Collyer volunteered to be the board’s representative working with the town’s Bike Path Committee and the Friends of the Mattapoisett Bike Path.
The board met with William Morgan, who requested a permit for the use of a mobile trailer at 23 Cove Street. Citing medical issues, Morgan asked for use of the trailer for an indefinite period of time. The board referred to the bylaw governing such permits and found two weeks to be the standard unless there are “emergency or calamitous” issues. Morgan was granted the two weeks and asked to provide a follow-up request for an extension.
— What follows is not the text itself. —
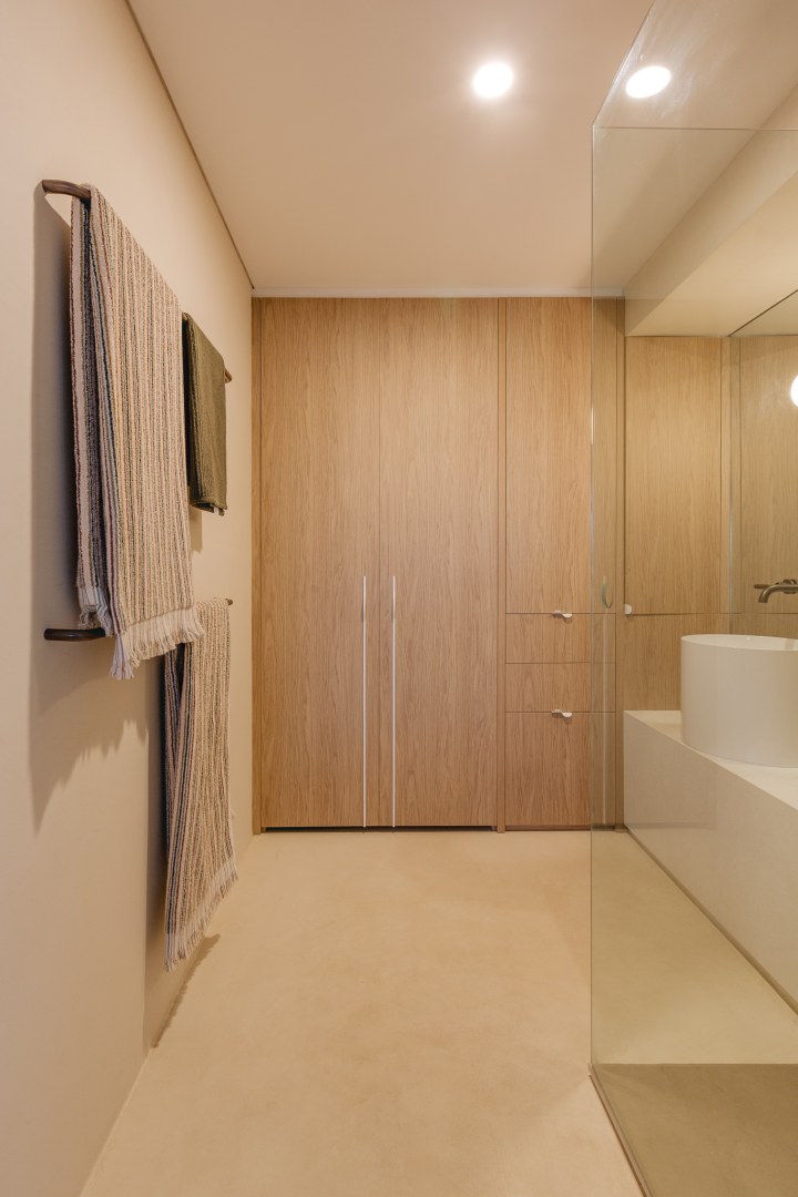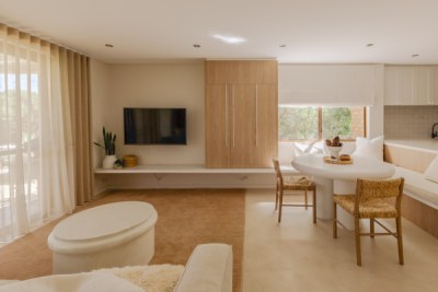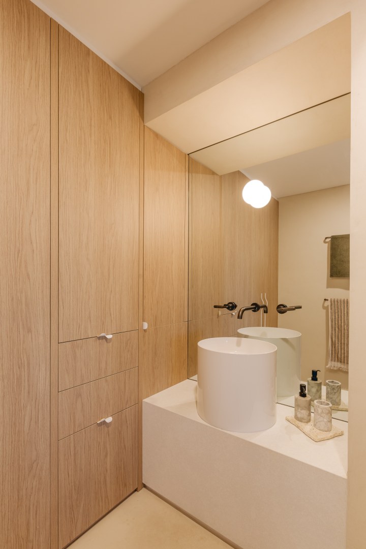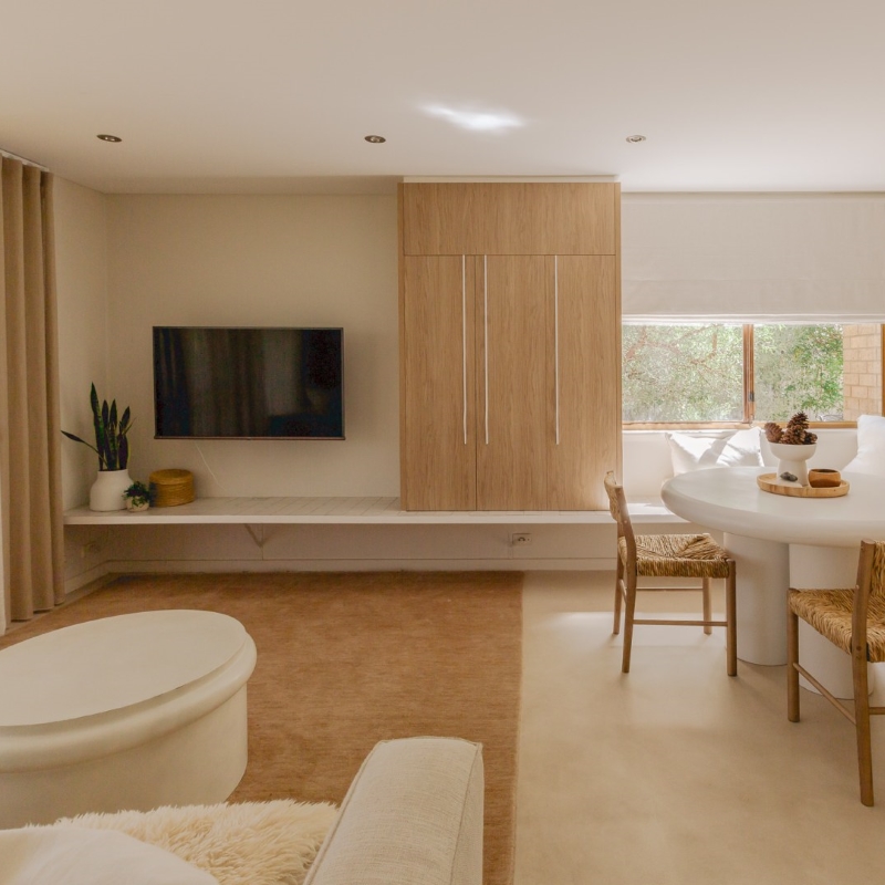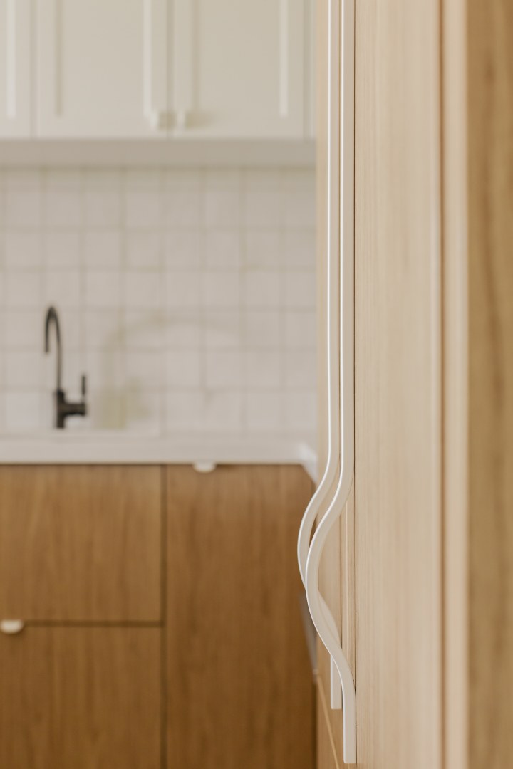 Bond Theory was approached to breathe new life into this old school apartment 70’s. This compact space was to be designed efficiently to capture living needs whilst creating a modern ocean retreat. The textural creamy palette showcases polytec’s Boston Oak and natural white paired with reflective Spanish hand cut ceramics and smooth micro-cement.

Hunter Major was appointed to the Agriculture Commission, and Virginia Nelson was conditionally appointed pending a vacancy. Thomas Gomez was appointed as an Animal Control Officer.
More events are planned for Shipyard Park with the approval of Sunday Band Concerts to be presented by Robert Williamson in August, and Line Dancing are being offered by the Friends of the Mattapoisett Council on Aging on Thursdays. Dates and times for the dancing to be announced.
Also to be announced, the next meeting of the Mattapoisett Board of Selectmen.